### [AIM OF THE TASK]
Lines before the one containing "防靜電周轉箱也稱為防靜電膠箱" are not wanted; restate the rest below word for word, through the last line, but drop any pictures.

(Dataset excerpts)

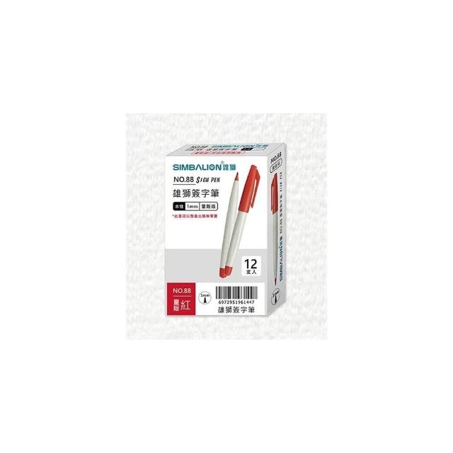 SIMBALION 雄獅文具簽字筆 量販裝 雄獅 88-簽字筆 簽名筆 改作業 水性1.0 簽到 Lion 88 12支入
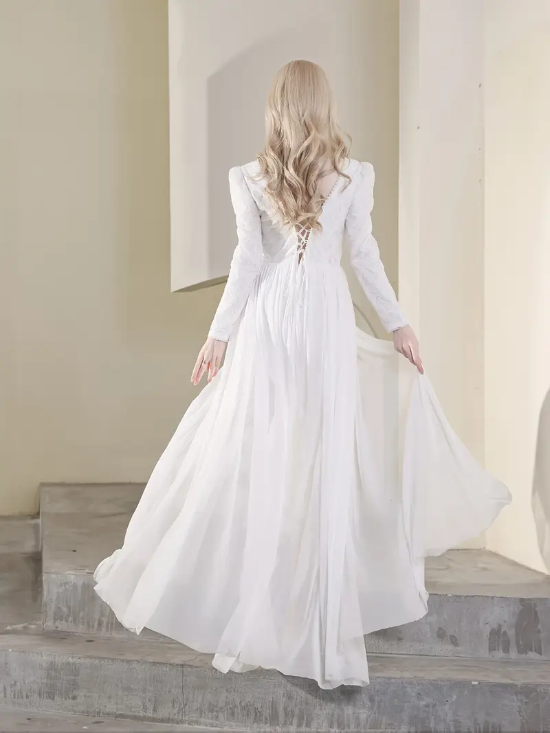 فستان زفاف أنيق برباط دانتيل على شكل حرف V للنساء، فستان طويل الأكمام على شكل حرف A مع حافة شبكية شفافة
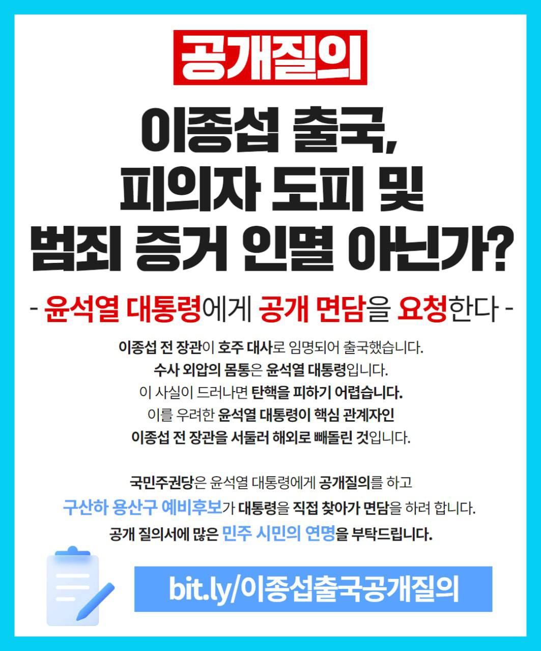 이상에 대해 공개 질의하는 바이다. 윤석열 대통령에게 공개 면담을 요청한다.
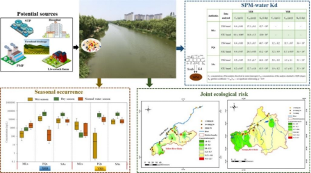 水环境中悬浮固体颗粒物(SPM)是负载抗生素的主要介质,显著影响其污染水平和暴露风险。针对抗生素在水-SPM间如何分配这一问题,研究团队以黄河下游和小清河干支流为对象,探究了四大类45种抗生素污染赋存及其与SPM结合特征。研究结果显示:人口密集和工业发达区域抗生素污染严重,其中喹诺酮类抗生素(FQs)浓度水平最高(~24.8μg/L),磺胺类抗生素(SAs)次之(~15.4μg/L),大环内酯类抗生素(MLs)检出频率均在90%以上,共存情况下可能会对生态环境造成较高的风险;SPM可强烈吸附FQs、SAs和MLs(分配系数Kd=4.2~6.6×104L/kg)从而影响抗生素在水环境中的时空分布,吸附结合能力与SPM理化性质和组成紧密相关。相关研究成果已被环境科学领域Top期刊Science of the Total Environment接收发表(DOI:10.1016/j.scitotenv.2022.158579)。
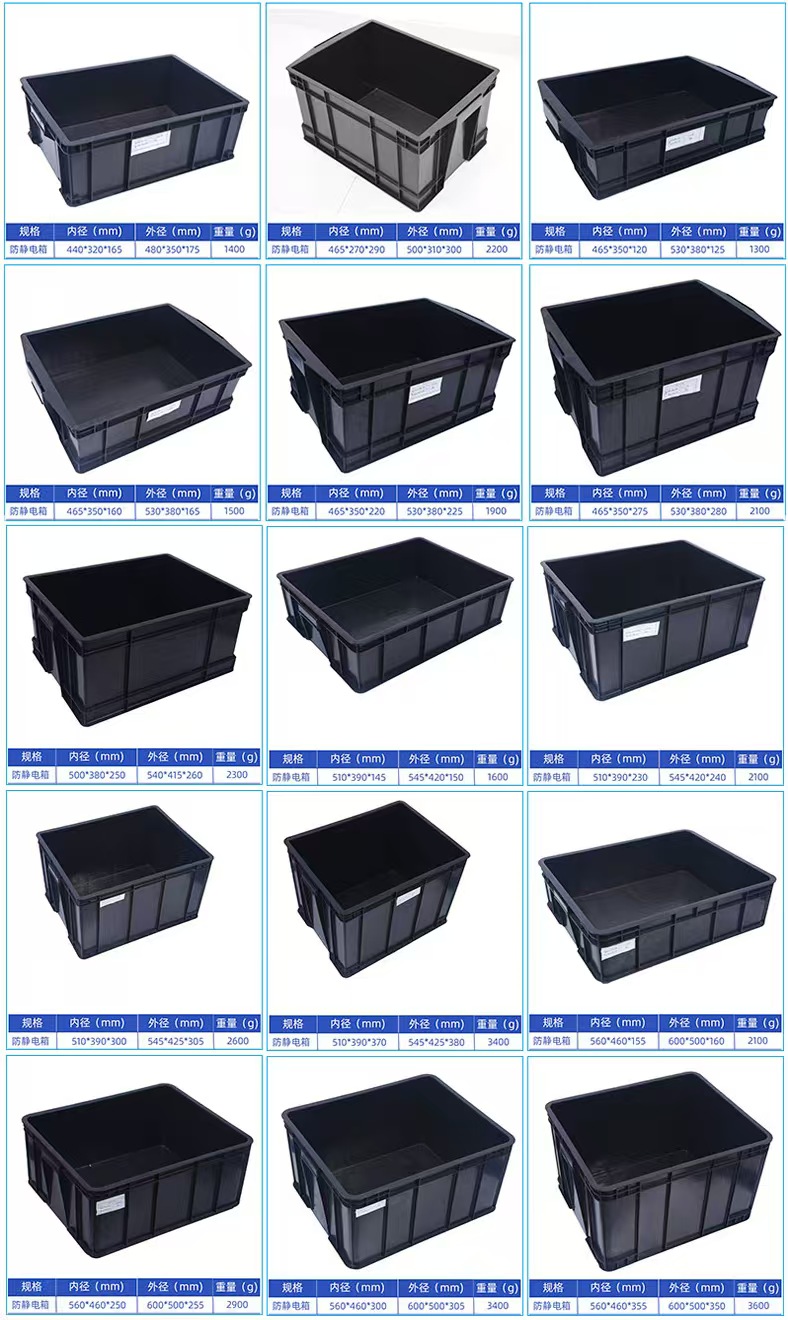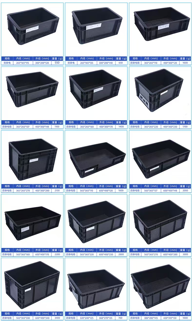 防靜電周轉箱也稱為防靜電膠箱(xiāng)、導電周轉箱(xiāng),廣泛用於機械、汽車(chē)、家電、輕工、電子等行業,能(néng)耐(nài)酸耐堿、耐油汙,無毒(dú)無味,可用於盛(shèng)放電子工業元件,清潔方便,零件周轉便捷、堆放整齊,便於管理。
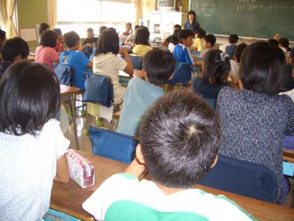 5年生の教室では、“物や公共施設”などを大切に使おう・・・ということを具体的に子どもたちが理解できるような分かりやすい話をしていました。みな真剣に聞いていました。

### [TASK RESULT]
 防靜電周轉箱也稱為防靜電膠箱(xiāng)、導電周轉箱(xiāng),廣泛用於機械、汽車(chē)、家電、輕工、電子等行業,能(néng)耐(nài)酸耐堿、耐油汙,無毒(dú)無味,可用於盛(shèng)放電子工業元件,清潔方便,零件周轉便捷、堆放整齊,便於管理。
 5年生の教室では、“物や公共施設”などを大切に使おう・・・ということを具体的に子どもたちが理解できるような分かりやすい話をしていました。みな真剣に聞いていました。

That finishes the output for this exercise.